Furthermore, KEGG analysis annotated m⁶A hypermethylated genes in the E. coli group as participating in the MAPK signaling pathway, circadian rhythm, Ras signaling pathway, nitrogen metabolism, sphingolipid signaling pathway, etc. (Figure 4c), whereas m⁶A hypomethylated genes were significantly associated with the sulfur relay system, ribosome biogenesis in eukaryotes, the Wnt signaling pathway, the NF-κB signaling pathway, the Hippo signaling pathway, etc. (Figure 4d).

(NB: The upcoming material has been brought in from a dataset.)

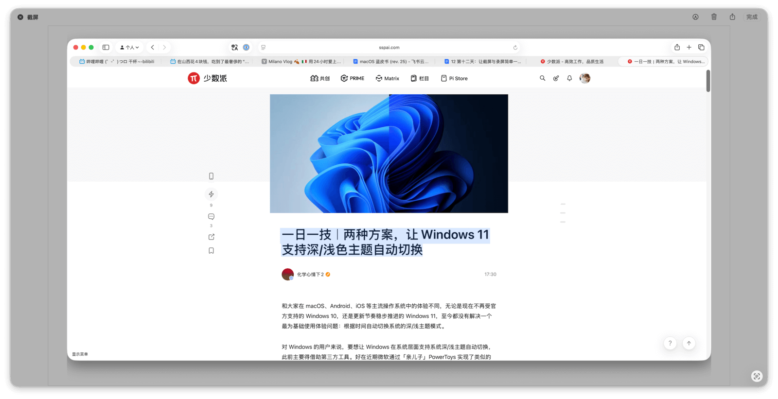 你还可以开启「浮动缩略图」功能,这与 iOS 上的体验非常相似。开启后,截屏完毕时桌面右下角会短暂出现一张缩略图。很多时候,你截图只是为了临时使用,并不想保存文件。此时,可以直接将这个缩略图拖拽到目标位置(例如聊天对话框),图片便不会存到本地,免去了事后删除的麻烦。

2.5. Conjoint Analysis of mRNA-Seq and MeRIP-Seq

To further explore the relationship between m⁶A modification and mRNA expression, we used RNA sequencing data from the input samples to analyze the mRNA expression of the control and E. coli groups. Volcano plots showed significantly different mRNA expression distribution in the E. coli group (p < 0.05, fold change >2.00) (Figure 5a). Hierarchical clustering showed the similarity of relative expression levels between the Con and E. coli groups (Figure 5b). On the basis of this analysis, we identified 190 upregulated and 595 downregulated genes in the E. coli group. Table 2 shows the top 20 most significantly different genes in the Con and E. coli groups.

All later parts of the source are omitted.